Zellkultur und Behandlung
Neuronale Zellen von murinen HT22 sowie humane Gliom-U87- und U251-Zelllinien wurden in Dulbeccos Modified Eagle Medium kultiviert, ergänzt mit 10 % fetalem Rinderserum und 4 mM L-Glutamin, unter befeuchteten Bedingungen bei 37 °C und 5 % CO₂. Um die experimentelle Konsistenz zu optimieren, wurden alle Zellbehandlungen standardisiert und hier beschrieben. Dieser Abschnitt beschreibt die spezifischen Bedingungen in jeder Behandlungsgruppe sowie die entsprechenden nachgelagerten Assays.

CaA-Behandlung:
HT22-Zellen wurden mit steigenden CaA-Konzentrationen (0, 0,1, 0,5, 1, 10, 50, 100, 250 und 500 μM) für 72 Stunden behandelt. U87- und U251-Gliomzellen wurden mit CaA in Konzentrationen von 5, 20 oder 50 μM für 24 Stunden für die meisten Experimente behandelt, oder mit 50 μM für 0, 6, 12 oder 18 Stunden für Zeitverlaufsstudien. Diese Behandlungen wurden in folgenden Analysen eingesetzt: Western Blotting für Cystein/Glutamat-Antiporter-Subunit (xCT), Glutathionperoxidase 4 (GPX4), Ferritin (FTH1), Glutaminase und PI3K/Akt/säugetierisches Ziel von Rapamycin (mTOR)/eukaryotischen Initiationsfaktor 4B (EIF4B) (Gesamt- und phosphorylierte Spiegel); Echtzeit-quantitative Polymerase-Kettenreaktion (RT-qPCR) für Nrf2 und das Kelch-ähnliche ECH-assoziierte Protein 1 (Keap1); ROS-Messung mit 2′,7′-Dichlordihydrofluoreszein-Diacetat (DCFH-DA); GSH- und MDA-Quantifizierung; FerroOrange-basierte Fe2+ -Erkennung; 5-Ethynyl-2′-Deoxyuridin (EdU) Proliferationstest; Koloniebildungs-Assay; 3-(4,5-Dimethylthiazol-2-yl)-2,5-Diphenyltetrazoliumbromid (MTT) Zellviabilitätstest.
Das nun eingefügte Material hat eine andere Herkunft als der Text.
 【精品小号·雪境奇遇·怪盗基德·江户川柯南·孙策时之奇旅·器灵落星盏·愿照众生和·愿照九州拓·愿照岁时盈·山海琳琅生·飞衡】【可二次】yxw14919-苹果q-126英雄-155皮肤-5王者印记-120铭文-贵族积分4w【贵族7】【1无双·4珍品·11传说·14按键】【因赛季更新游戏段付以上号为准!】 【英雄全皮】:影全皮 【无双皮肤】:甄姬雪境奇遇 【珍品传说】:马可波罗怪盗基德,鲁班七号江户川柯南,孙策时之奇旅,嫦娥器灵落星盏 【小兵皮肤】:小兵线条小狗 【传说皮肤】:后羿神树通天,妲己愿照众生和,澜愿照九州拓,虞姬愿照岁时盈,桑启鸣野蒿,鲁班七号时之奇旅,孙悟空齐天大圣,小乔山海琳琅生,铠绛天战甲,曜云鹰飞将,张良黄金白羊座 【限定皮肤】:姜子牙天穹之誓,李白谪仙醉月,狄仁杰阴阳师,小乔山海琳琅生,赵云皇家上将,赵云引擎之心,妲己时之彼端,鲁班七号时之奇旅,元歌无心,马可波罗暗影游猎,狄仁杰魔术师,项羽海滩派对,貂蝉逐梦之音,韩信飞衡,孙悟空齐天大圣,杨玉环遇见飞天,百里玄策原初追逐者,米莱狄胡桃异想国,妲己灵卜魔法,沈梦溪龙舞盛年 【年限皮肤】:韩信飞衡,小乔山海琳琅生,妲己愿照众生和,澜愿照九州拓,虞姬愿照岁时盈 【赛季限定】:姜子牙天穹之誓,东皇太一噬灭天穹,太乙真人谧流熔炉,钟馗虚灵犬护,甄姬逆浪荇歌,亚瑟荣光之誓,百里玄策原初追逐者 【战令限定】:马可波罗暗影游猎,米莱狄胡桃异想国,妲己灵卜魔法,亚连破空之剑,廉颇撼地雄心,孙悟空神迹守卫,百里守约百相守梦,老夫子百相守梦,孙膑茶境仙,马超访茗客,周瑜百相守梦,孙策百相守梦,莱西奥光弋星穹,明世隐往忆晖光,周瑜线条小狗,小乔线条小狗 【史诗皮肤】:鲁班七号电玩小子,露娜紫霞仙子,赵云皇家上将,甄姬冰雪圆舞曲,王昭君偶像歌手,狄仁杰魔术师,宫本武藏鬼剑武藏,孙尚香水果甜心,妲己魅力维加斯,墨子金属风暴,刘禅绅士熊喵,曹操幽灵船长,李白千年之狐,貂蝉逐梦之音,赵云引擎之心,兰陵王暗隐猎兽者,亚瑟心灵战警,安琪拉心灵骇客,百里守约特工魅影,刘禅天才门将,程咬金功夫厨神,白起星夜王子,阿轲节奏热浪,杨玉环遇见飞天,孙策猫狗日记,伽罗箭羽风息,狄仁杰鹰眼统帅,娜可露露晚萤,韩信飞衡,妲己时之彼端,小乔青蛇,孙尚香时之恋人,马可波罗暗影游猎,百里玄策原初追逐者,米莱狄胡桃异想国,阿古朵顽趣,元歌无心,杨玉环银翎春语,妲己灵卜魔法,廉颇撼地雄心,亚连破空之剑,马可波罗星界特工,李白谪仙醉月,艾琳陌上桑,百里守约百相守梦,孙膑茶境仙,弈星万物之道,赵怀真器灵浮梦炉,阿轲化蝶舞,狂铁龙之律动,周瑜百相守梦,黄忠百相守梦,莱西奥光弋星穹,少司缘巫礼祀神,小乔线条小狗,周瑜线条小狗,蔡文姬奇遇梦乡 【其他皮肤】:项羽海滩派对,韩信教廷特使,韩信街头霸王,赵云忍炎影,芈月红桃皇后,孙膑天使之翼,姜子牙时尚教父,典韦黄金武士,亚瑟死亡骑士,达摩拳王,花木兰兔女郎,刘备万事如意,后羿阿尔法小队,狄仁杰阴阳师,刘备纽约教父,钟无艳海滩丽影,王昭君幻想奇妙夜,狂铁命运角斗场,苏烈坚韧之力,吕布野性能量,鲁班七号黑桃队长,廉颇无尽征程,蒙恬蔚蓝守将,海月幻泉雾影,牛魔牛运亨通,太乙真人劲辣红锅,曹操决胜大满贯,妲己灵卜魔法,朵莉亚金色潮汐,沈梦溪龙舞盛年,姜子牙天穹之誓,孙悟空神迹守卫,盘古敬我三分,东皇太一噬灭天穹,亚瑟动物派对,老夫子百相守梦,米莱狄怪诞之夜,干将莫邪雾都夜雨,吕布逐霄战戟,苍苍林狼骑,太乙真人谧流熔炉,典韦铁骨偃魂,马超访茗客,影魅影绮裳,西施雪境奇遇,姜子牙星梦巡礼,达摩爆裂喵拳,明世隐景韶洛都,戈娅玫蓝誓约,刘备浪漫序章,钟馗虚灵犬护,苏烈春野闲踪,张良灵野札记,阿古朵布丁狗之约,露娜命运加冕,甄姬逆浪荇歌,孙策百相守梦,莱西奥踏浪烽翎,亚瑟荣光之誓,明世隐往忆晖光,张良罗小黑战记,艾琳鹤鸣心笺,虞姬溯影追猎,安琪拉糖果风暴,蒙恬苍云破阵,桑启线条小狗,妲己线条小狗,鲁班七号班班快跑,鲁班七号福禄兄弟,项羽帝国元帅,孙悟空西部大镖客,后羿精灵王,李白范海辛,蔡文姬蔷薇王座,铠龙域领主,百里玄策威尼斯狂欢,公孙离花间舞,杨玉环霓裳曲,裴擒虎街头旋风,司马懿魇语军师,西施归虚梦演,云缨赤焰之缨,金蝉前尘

Liproxstatin-1 (Lip1) Begleitbehandlung:
Die Zellen wurden mit 50 nM Lip1 für 2 Stunden vorbehandelt, bevor 50 μM CaA hinzugefügt wurde. Diese Bedingungen wurden im MTT-Assay verwendet (0, 24, 48, 72 H); Koloniebildungsanalyse; EdU-Analyse; Annexin V/PI Apoptose-Test (mit/ohne 20 nM Cisplatin).

MG132-Kobehandlung:
Die Zellen wurden allein mit 10 μM MG132 behandelt oder mit 50 μM CaA für 24 Stunden kombiniert. Dies wurde auf Western Blotting für die Nrf2-Proteinstabilisierung (total und nuklear) angewendet; Immunopräzipitationstests (IP) für ubiquitinierte Nrf2 und Keap1.

Cisplatin-Kobehandlung:
Die Zellen wurden mit 20 nM Cisplatin allein oder in Kombination mit 20 μM CaA für 24 Stunden behandelt. Diese Behandlungen wurden im Apoptose-Assay mit Annexin V/Propidiumiodid (PI) eingesetzt.

Nrf2-Überexpression :
Die Zellen wurden mit 2,5 μg Nrf2-Überexpressionsplasmid oder leerem Vektor mit Transfektionsmittel für 18 Stunden transfiziert und anschließend 24 Stunden mit 50 μM CaA behandelt. Diese Erkrankung wurde im Western Blotting für xCT, GPX4, FTH1 und Glutaminase verwendet; ROS-, MDA- UND GSH-Analysen; FerroOrange-Färbung für intrazelluläres Eisen.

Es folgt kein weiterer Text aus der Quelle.